What you need to do »
Everything from the first line of the material to the line containing "Ce chouchou est", inclusive, must be given again exactly; no pictures, and nothing past that line.

• • •

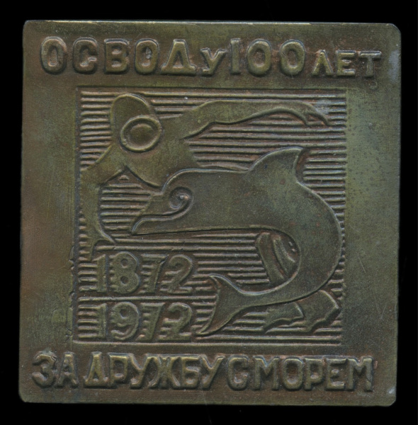 Плакета ОСВОДУ 100 лет. За дружбу с морем. 8,5×8,5 см (СССР)
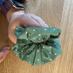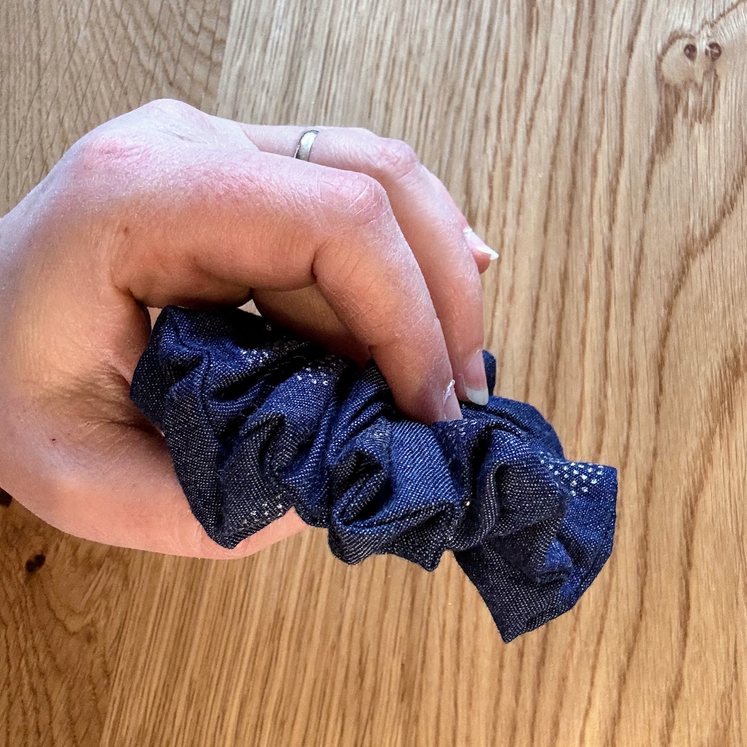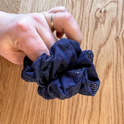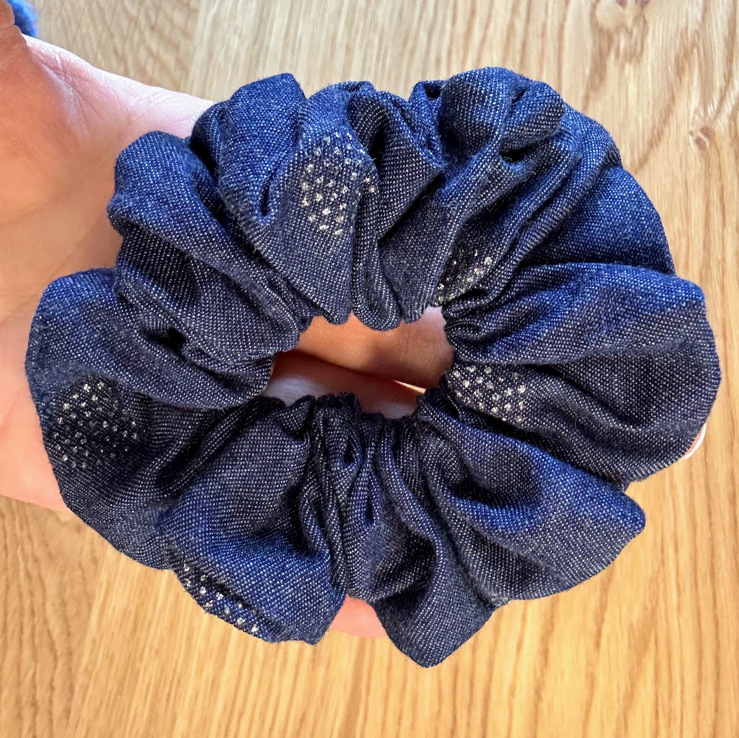 Ce chouchou est confectionné en chambray bleu, subtilement rehaussé de motifs de ronds en paillettes argentées. Le contraste entre la sobriété du tissu et les reflets délicats apporte une touche lumineuse et élégante, parfaite pour sublimer une coiffure sans en faire trop.
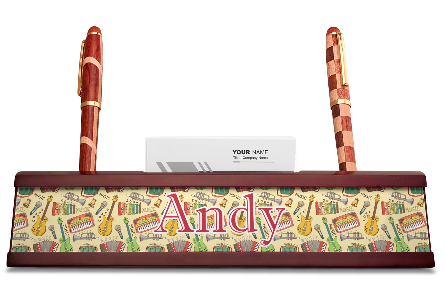Your desk name plates are crafted from a high-quality, dark-cherry mahogany. At approximately 9.5 by 1.875 by 2.5 inches, this name plaque will fit perfectly, front and center, on your desk. Your customization spans across the entire face of the nameplate. Behind the nameplate lies a skinny slot that can fit approximately 15, traditionally-sized, business cards. You can also store your writing utensils on either side of this custom desk name plate.
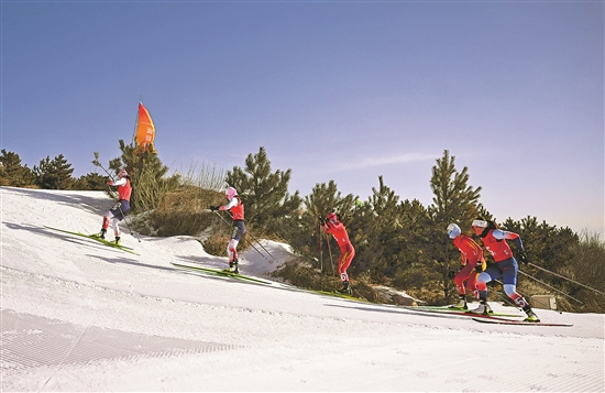 題圖:2月19日,參賽選手在越野滑雪公開組女子團體短距離(自由技術)決賽中。 新華社記者 黃博涵 攝
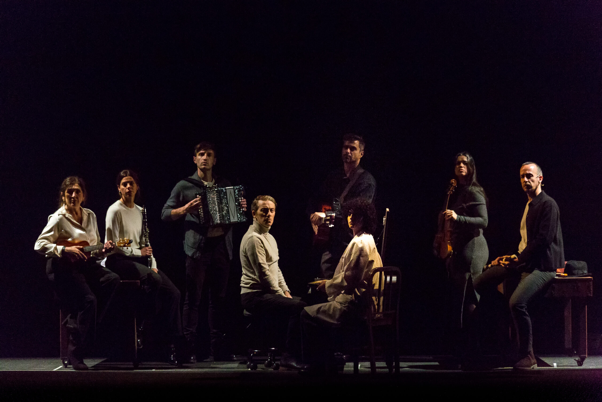 El montaje parte de unas imágenes inéditas que muestran la vida cotidiana de los oficiales que administraban Auschwitz: escenas de picnics, canciones, sonrisas y momentos de aparente normalidad captados a escasa distancia de uno de los campos de exterminio más letales de la historia. Sobre ese contraste se articula una dramaturgia que confronta al espectador con una pregunta central: cómo puede convivirse con el horror hasta integrarlo en la rutina.
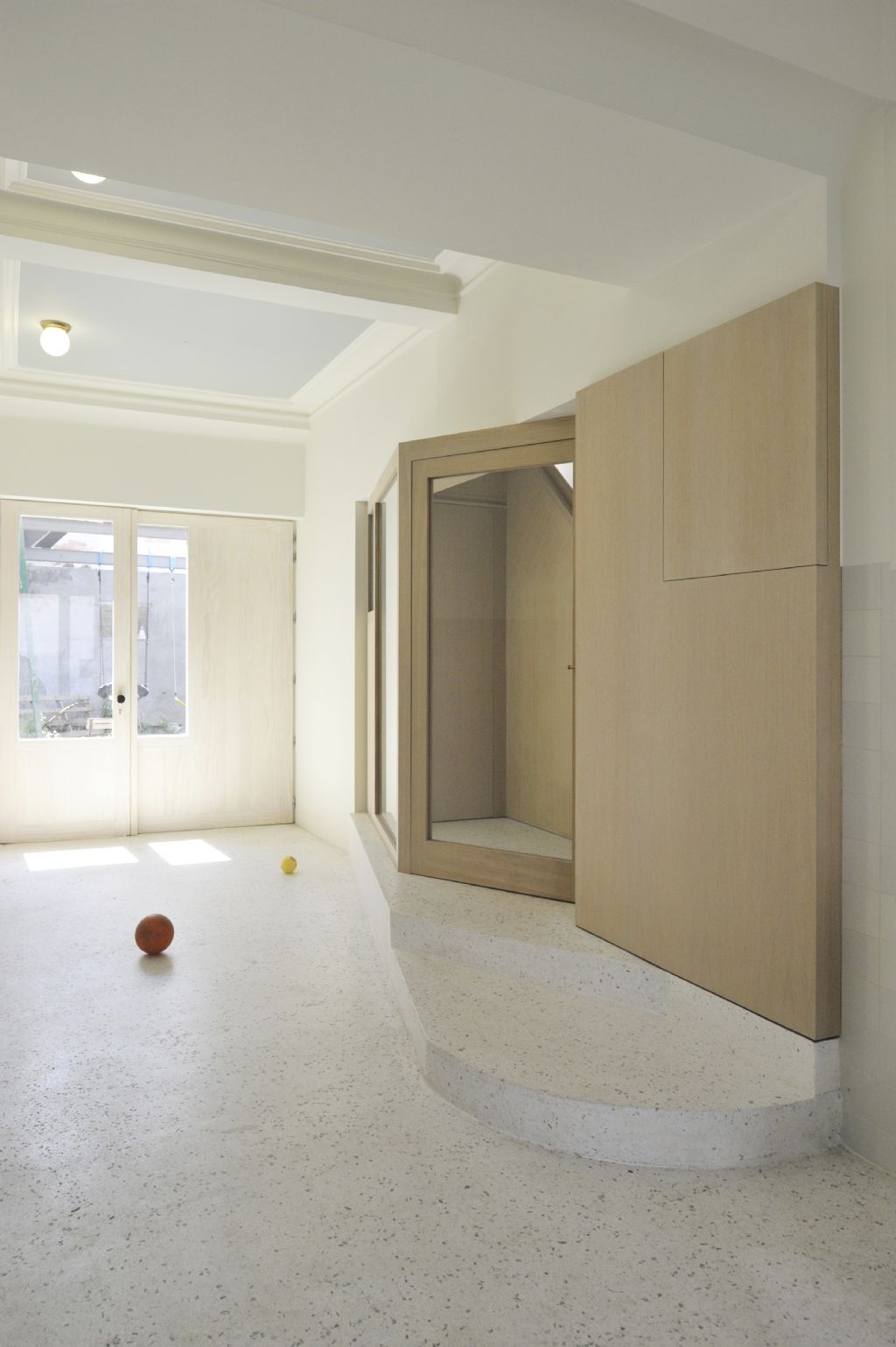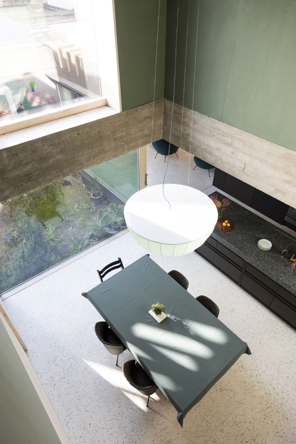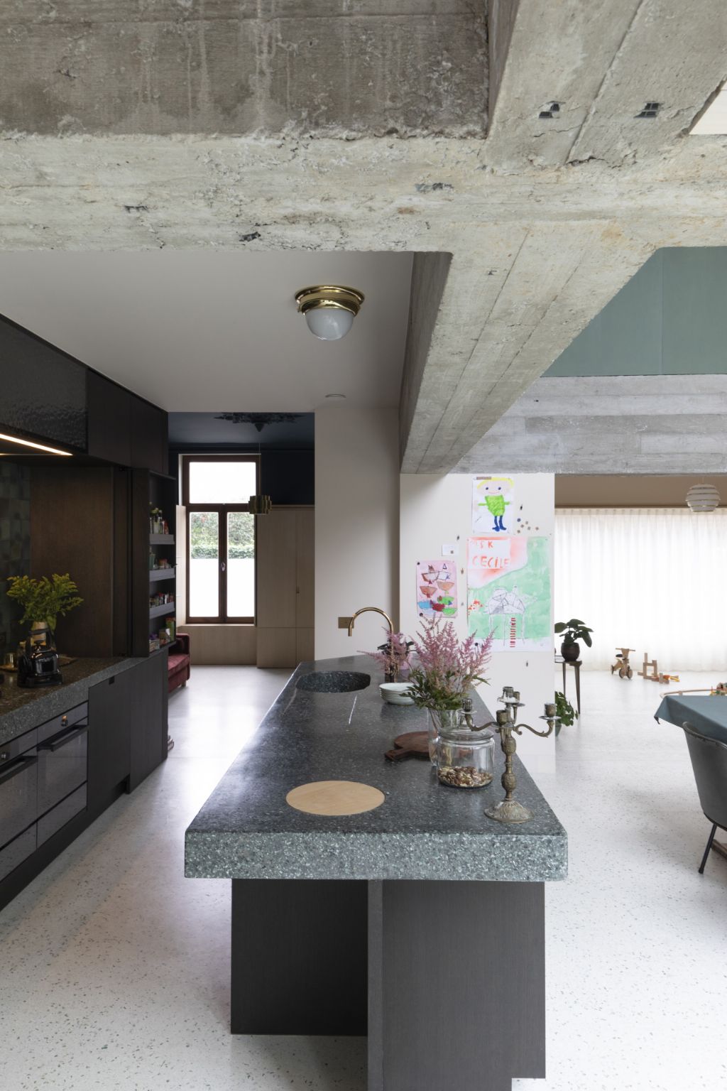 De belangrijkste ruwbouwelementen, zoals het nieuwe gewelf of het betonnen kruis dat onder de bestaande woningen is gestort, zijn uitgewerkt in brute plankenbekisting en bakenen specifieke ruimtes af, terwijl een doorlopende witte terrazzovloer met groene granulaten de ruimtes verbindt. Het eiken meubilair en het accoya schrijnwerk zorgen voor extra tactiliteit en precisering van de ruimtes.

• • •

Answer space »
 Плакета ОСВОДУ 100 лет. За дружбу с морем. 8,5×8,5 см (СССР)
 Ce chouchou est confectionné en chambray bleu, subtilement rehaussé de motifs de ronds en paillettes argentées. Le contraste entre la sobriété du tissu et les reflets délicats apporte une touche lumineuse et élégante, parfaite pour sublimer une coiffure sans en faire trop.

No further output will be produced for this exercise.